Jan 17th – Day 18 on Ice

2 weeks at Pole… 38(ish) to go.

Weather: Has been warm and moderately windy. Clouds gave way yesterday to one of the most beautiful, cloudless days I have ever seen at Pole, but today was windy enough for snow to be blown around giving the sky a cloudy/misty look. Temperatures around -14F with a windchill down near -40F.

One of the cloudier days we’ve had. I ran out to our old polarization calibration source (basically a large piece of plywood with a reflective covering and a hole in the middle for the polarized source). You can barely see the SPT or station in the distance.

After a week of no flights to Pole, we got 2 in today! Nearly 30 passengers arrived on the first flight (with about 15 of those being winter-overs who were on R&R in McMurdo). Our other 3 SPT’ers also arrived after being delayed by about 1 week. Needless to say they were ready to get here!

A large tractor grooms the runway two days ago in preparation for the incoming flight (which was delayed another day, to today).

There has been a lot of heavy machinery activity around station with plows, dozers, snow movers and snow groomers all actively moving snow. This is all to get ready for winter; digging out buildings and leveling the snow so it doesn’t pile up. Even in the 2 weeks I’ve been here we’ve had 3-4 foot snow drifts around our outhouse and the entrance to DSL.

One of the large bull dozers digging out DSL. The treads on these dozers is about as tall as me! They have to move this snow each year so that the building doesn’t get buried during the winter.

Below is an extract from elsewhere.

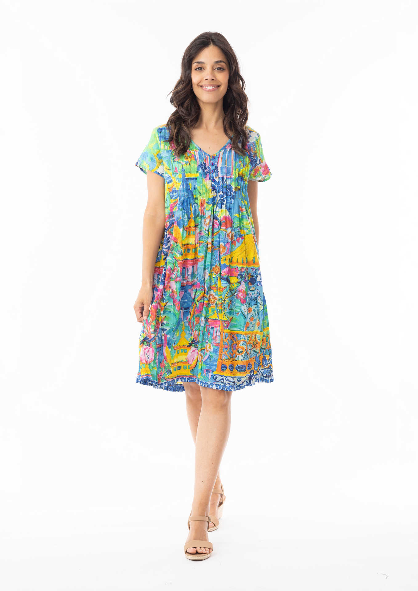This Orientique OKAYAMA Print (#40185) Ezy Fit V-Neck Dress has a cap Sleeve, side pockets, a V-neck with pintucks on the bodice and back for an easy fit.

During the past few days we have been mostly concerned with how the 3rd generator will power the station; we have docked the telescope and were not doing any observing or moving (with the fear being that in the case of a power failure during scanning, the telescope brakes will engage and cause a hard-stop… which is not good for the building structure, let alone our sensitive camera). During this time we were able to do some computer replacement and also extract about 70Tb of hard drives containing SPT’s data from last winter. We will send these north as a backup hard copy since we’ve already sent most of it north via satellite.

During the time on Gen3, we had 3 brownouts. Each time some various components of SPT went down including some computing systems and a fridge compressor. This turned out to be really good practice for me and Geoff so we could troubleshoot what happens in power outages and how to recover.

We’re back now on Gen2 for at least 3 weeks and there should be a Cat technician coming to Pole soon (or was on one of the flights today?), to work on the generators and try to get all 3 up and running without problems. As of about 5 minutes ago, we started observing again. Weather is really nice, so hopefully we get decent maps!

The first LC-130 in a week to land at Pole, bringing in about 30 passengers.

I took another running video, where I gave a quick tour of the facilities at Pole. It was complete crap, but hopefully I can learn the tools of the trade in video editing to provide some semi-interesting information in these videos. I still don’t know if I can reduce the resolution enough to upload them from Pole, but maybe I’ll build a bank of videos for when I get back to civilization.